Exercise: Return each line of the data below verbatim; pictures are to be left out.

The data:
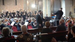 Di fronte a un pubblico delle grandi occasioni, il 12 settembre i tre maestri Uwe Sochaczewsky, Laura Lambroni e Ciro Cau si sono alternati nel dirigere, tra applausi scroscianti, lo spettacolare ensemble, che dalle note sublimi dell’Ouverture del Flauto Magico di Mozart eseguita per sola orchestra ha dato vita a un’esaltante amalgama di armonie strumentali e vocali, sublimando opere senza tempo di Mozart e Mendelssohn. Nel ruolo di solista il baritono Michele Barria.
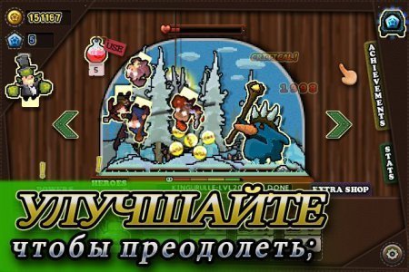 Tap Heroes для андроид это стандартный киллер, исполненный в облике ролевой игрушки с интересным эпическим развитием сюжета. Для тех, кто не знает такой тип жанра нужно сказать, что их предшественником выступила игрушка, которую прозвали Cookie Clicker и не обращая внимание на собственный незамысловатый процесс игры заполучила просто фантастический успех. Данные кликеры тщательно развивались и начали быть полноценными аркадами и наша представленная игрушка вот именно из таких. В Tap Heroes тебе важно проследовать в эпическое перемещение свыше чем по десяти разноплановым мирам по дороге само собой борясь с группами противников, которых можно увидеть свыше семидесяти типов. Механика игры цельно соответствует стандарту жанра, жми по дисплею и таким образом зачищай противников разносторонними вариантами ты улучшаешь собственного персонажа, перебираясь на ступень выше и там возникают более мощные противники и тому подобное. Если говорить об исполнении, то игрушка представлена в хорошем стареньком стиле.
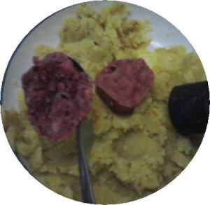 4. Begitu kentang tuntas dilumat halus, masukkan kornet sapi dan aduk hingga merata. (Saya cuma pake separuh kaleng biar irit; itung-itung proyek coba-coba. Secara daging kan mahal sob! 😀 )
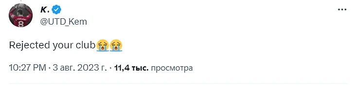 К сожалению для болельщика «ПСЖ», он нарвался на находчивого фаната «Юнайтед», который ответил ему: «Отказал твоему клубу».
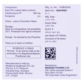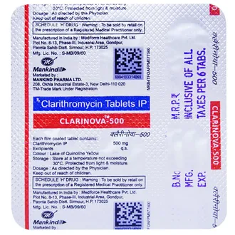 CLARINOVA 500MG Tablet is a broad-spectrum antibiotic used to treat a wide range of bacterial infections. It belongs to the macrolide class and works by stopping the growth of bacteria responsible for infections in the lungs, throat, skin, sinuses, and ears. It is also prescribed in combination with other medicines to treat certain stomach ulcers caused by Helicobacter pylori. This medicine helps relieve symptoms such as fever, sore throat, cough, and discomfort while promoting faster recovery.
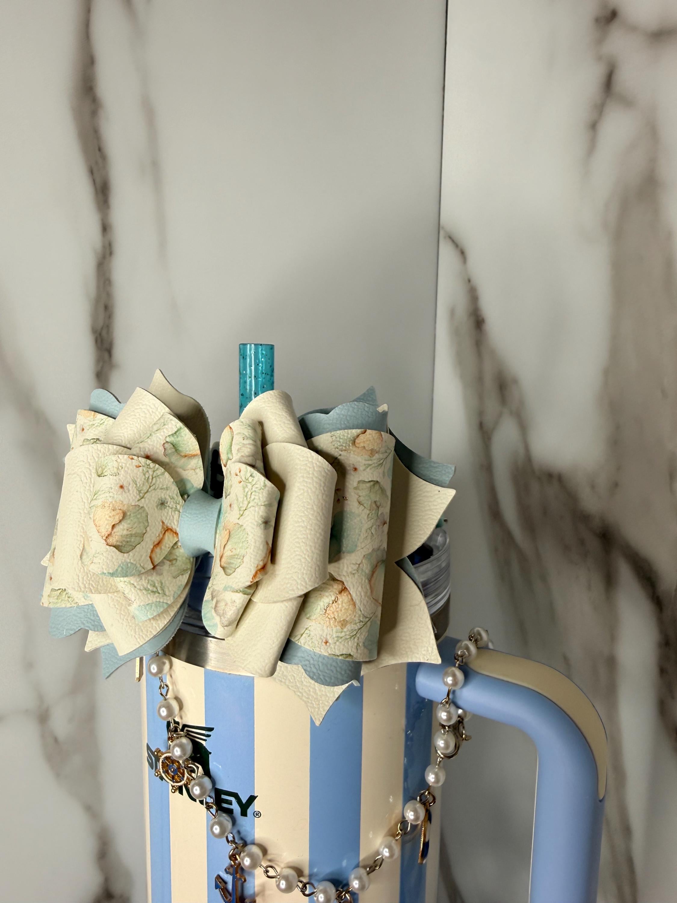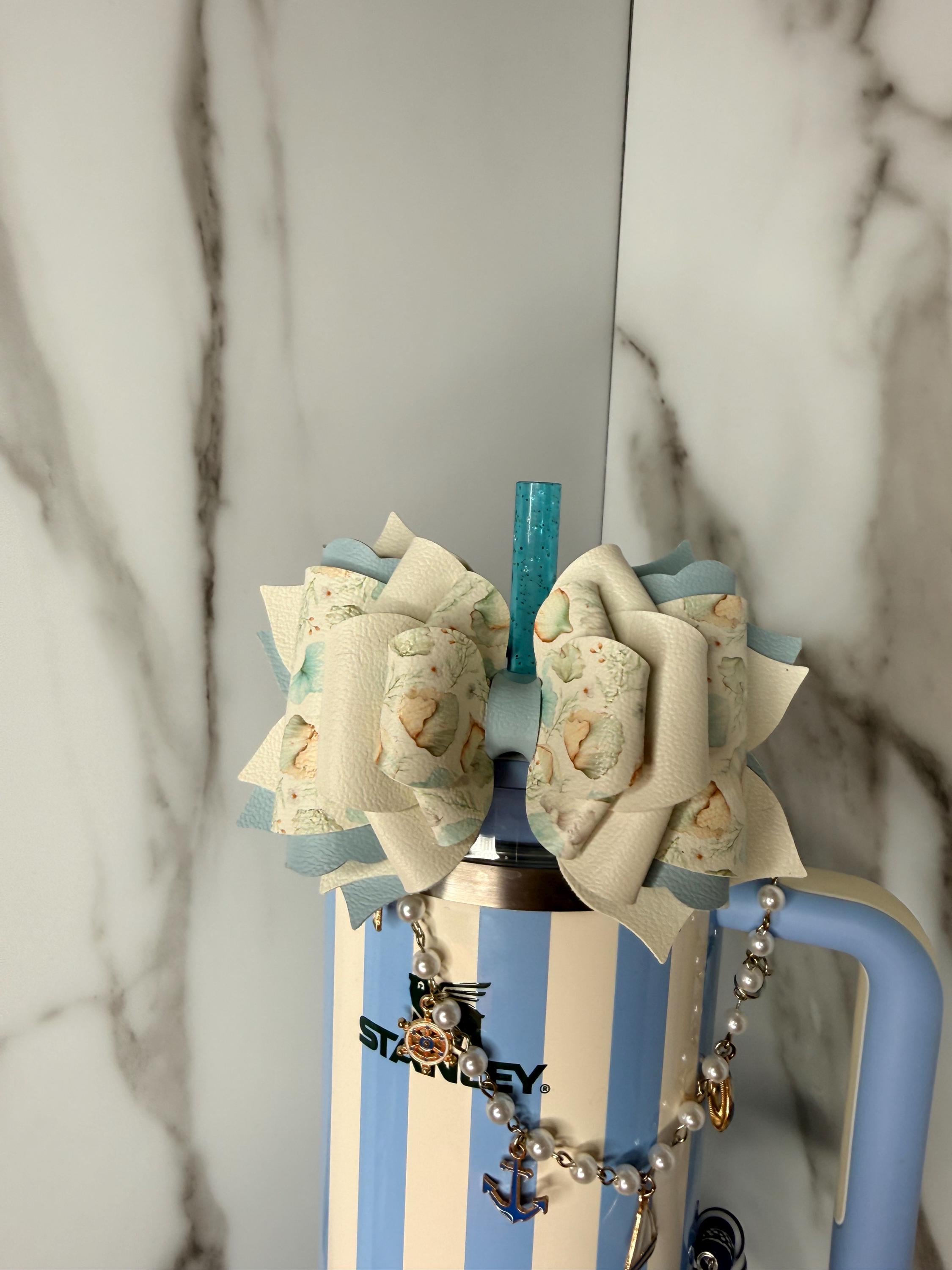 This coastal-inspired tumbler bow features soft seashell tones and beachy colors, perfect for summer drinks and ocean lovers.
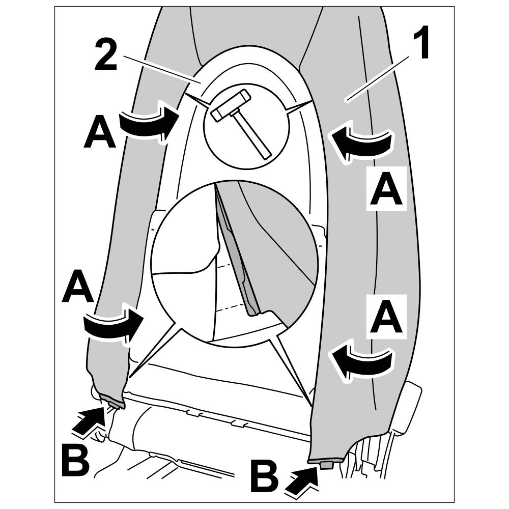 6. Press connection of backrest cover -1- at the rear into the cushion carrier -2- -Arrows A- and tap gently into place (plastic hammer).
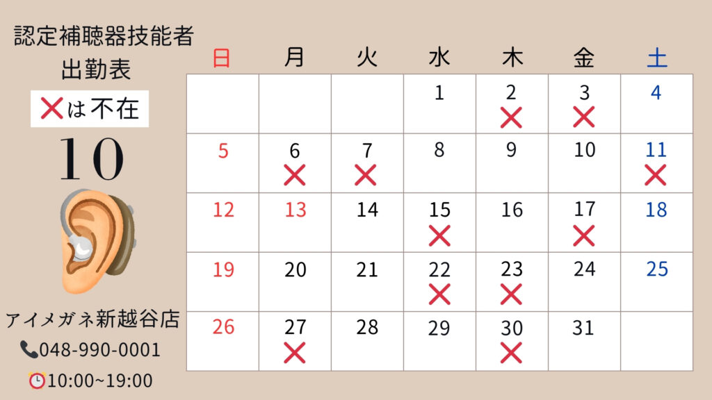 10月の認定補聴器技能者の出勤カレンダーのお知らせです🗓
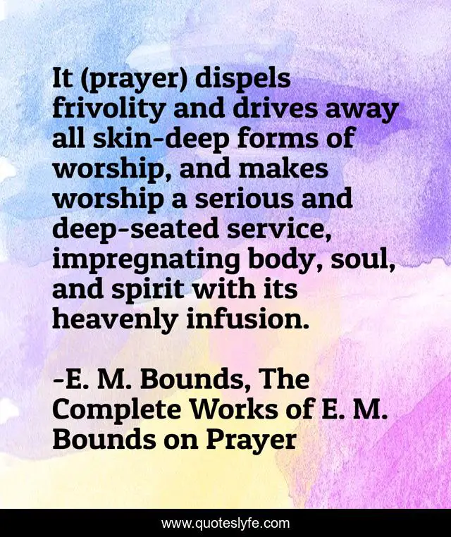 This page presents the quote "It (prayer) dispels frivolity and drives away all skin-deep forms of worship, and makes worship a serious and deep-seated service, impregnating body, soul, and spirit with its heavenly infusion.". Author of this quote is E. M. Bounds, The Complete Works of E. M. Bounds on Prayer. This quote is about devotion, prayer,.
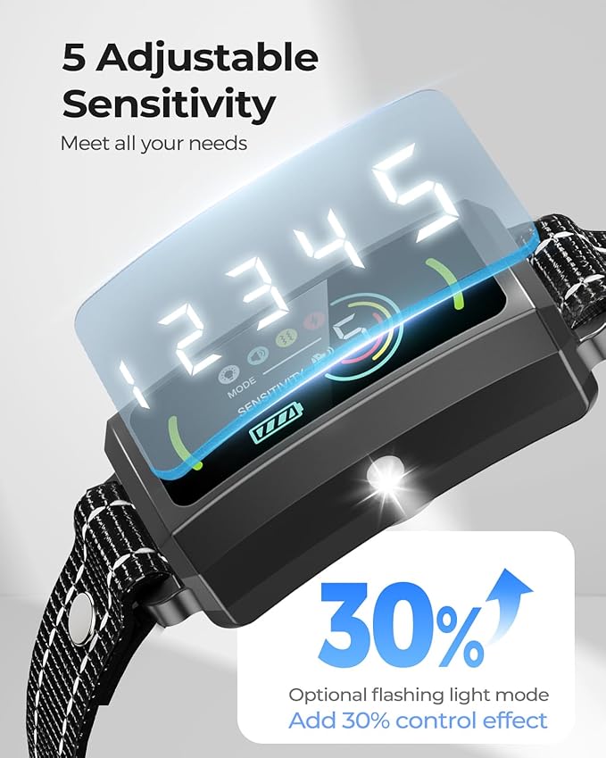 - 5 Humanized Modes: The GAJUX dog bark collar offers 5 training modes: beep, vibration, beep + vibration, safe shock, and a flashing light feature for an additional 30% control effect. With adjustable sensitivity levels ranging from 0 to 5, you can easily customize the level of stimulation that works best for your furry friend, which is helpful in deterring dogs from undesirable habits
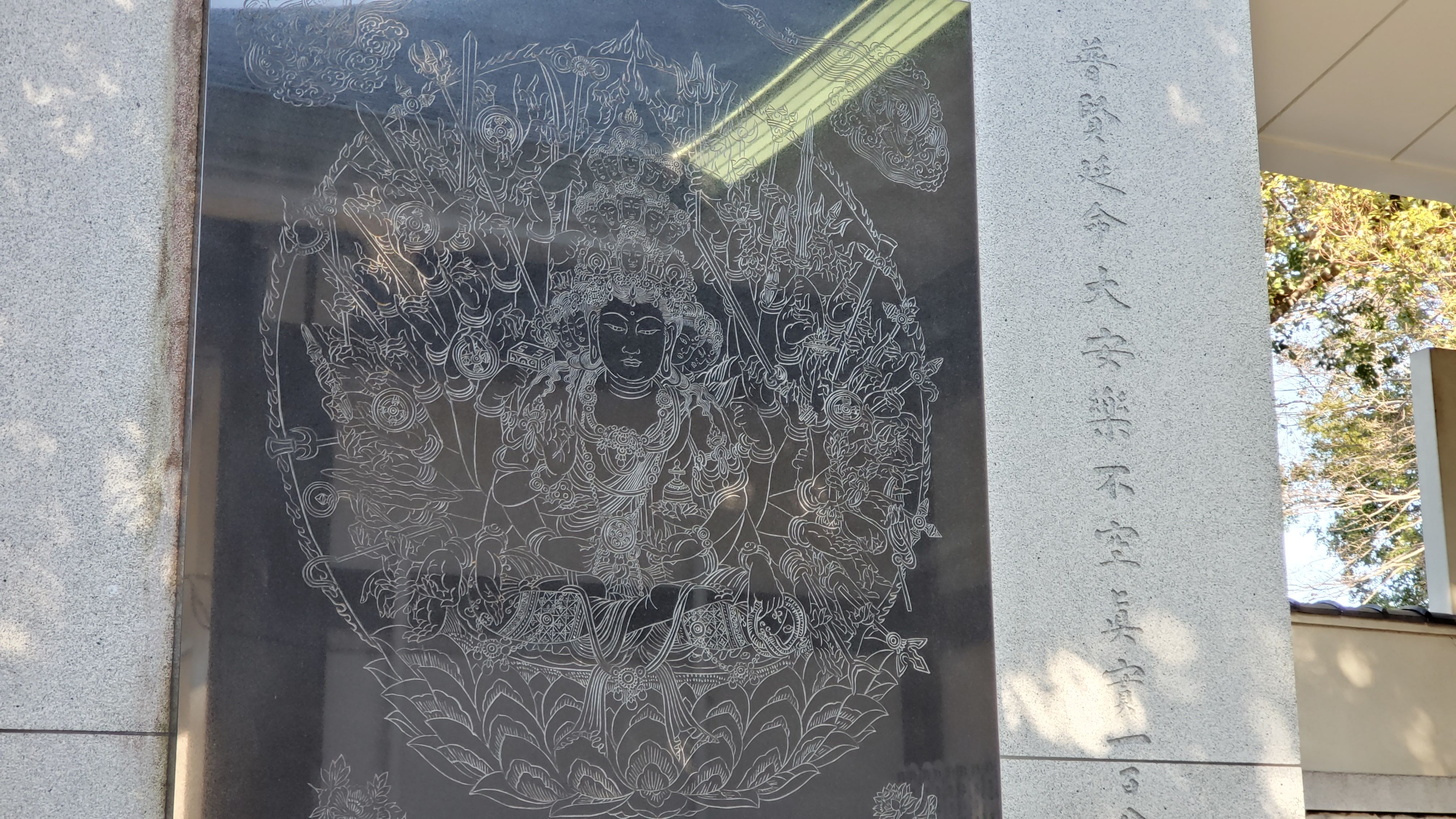脇に[普賢延命大安楽不空眞實一百八臂金剛蔵王大菩薩]の文字……108臂というだけあって、たくさんの剣が描かれています。
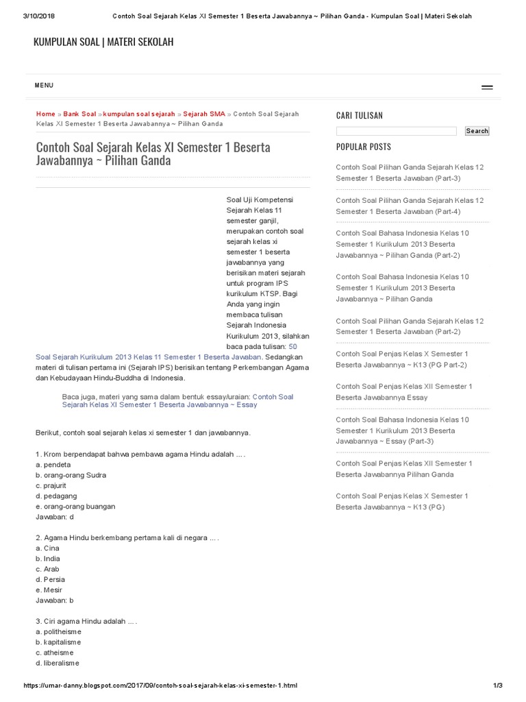 Contoh Soal Sejarah Kelas 11 Semester 1 - Seputar Sejarah
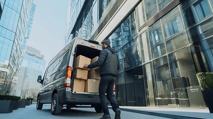 A man is unloading boxes from a van in front of a building

Response area:
 Di fronte a un pubblico delle grandi occasioni, il 12 settembre i tre maestri Uwe Sochaczewsky, Laura Lambroni e Ciro Cau si sono alternati nel dirigere, tra applausi scroscianti, lo spettacolare ensemble, che dalle note sublimi dell’Ouverture del Flauto Magico di Mozart eseguita per sola orchestra ha dato vita a un’esaltante amalgama di armonie strumentali e vocali, sublimando opere senza tempo di Mozart e Mendelssohn. Nel ruolo di solista il baritono Michele Barria.
 Tap Heroes для андроид это стандартный киллер, исполненный в облике ролевой игрушки с интересным эпическим развитием сюжета. Для тех, кто не знает такой тип жанра нужно сказать, что их предшественником выступила игрушка, которую прозвали Cookie Clicker и не обращая внимание на собственный незамысловатый процесс игры заполучила просто фантастический успех. Данные кликеры тщательно развивались и начали быть полноценными аркадами и наша представленная игрушка вот именно из таких. В Tap Heroes тебе важно проследовать в эпическое перемещение свыше чем по десяти разноплановым мирам по дороге само собой борясь с группами противников, которых можно увидеть свыше семидесяти типов. Механика игры цельно соответствует стандарту жанра, жми по дисплею и таким образом зачищай противников разносторонними вариантами ты улучшаешь собственного персонажа, перебираясь на ступень выше и там возникают более мощные противники и тому подобное. Если говорить об исполнении, то игрушка представлена в хорошем стареньком стиле.
 4. Begitu kentang tuntas dilumat halus, masukkan kornet sapi dan aduk hingga merata. (Saya cuma pake separuh kaleng biar irit; itung-itung proyek coba-coba. Secara daging kan mahal sob! 😀 )
 К сожалению для болельщика «ПСЖ», он нарвался на находчивого фаната «Юнайтед», который ответил ему: «Отказал твоему клубу».
 CLARINOVA 500MG Tablet is a broad-spectrum antibiotic used to treat a wide range of bacterial infections. It belongs to the macrolide class and works by stopping the growth of bacteria responsible for infections in the lungs, throat, skin, sinuses, and ears. It is also prescribed in combination with other medicines to treat certain stomach ulcers caused by Helicobacter pylori. This medicine helps relieve symptoms such as fever, sore throat, cough, and discomfort while promoting faster recovery.
 This coastal-inspired tumbler bow features soft seashell tones and beachy colors, perfect for summer drinks and ocean lovers.
 6. Press connection of backrest cover -1- at the rear into the cushion carrier -2- -Arrows A- and tap gently into place (plastic hammer).
 10月の認定補聴器技能者の出勤カレンダーのお知らせです🗓
 This page presents the quote "It (prayer) dispels frivolity and drives away all skin-deep forms of worship, and makes worship a serious and deep-seated service, impregnating body, soul, and spirit with its heavenly infusion.". Author of this quote is E. M. Bounds, The Complete Works of E. M. Bounds on Prayer. This quote is about devotion, prayer,.
 - 5 Humanized Modes: The GAJUX dog bark collar offers 5 training modes: beep, vibration, beep + vibration, safe shock, and a flashing light feature for an additional 30% control effect. With adjustable sensitivity levels ranging from 0 to 5, you can easily customize the level of stimulation that works best for your furry friend, which is helpful in deterring dogs from undesirable habits
脇に[普賢延命大安楽不空眞實一百八臂金剛蔵王大菩薩]の文字……108臂というだけあって、たくさんの剣が描かれています。
 Contoh Soal Sejarah Kelas 11 Semester 1 - Seputar Sejarah
 A man is unloading boxes from a van in front of a building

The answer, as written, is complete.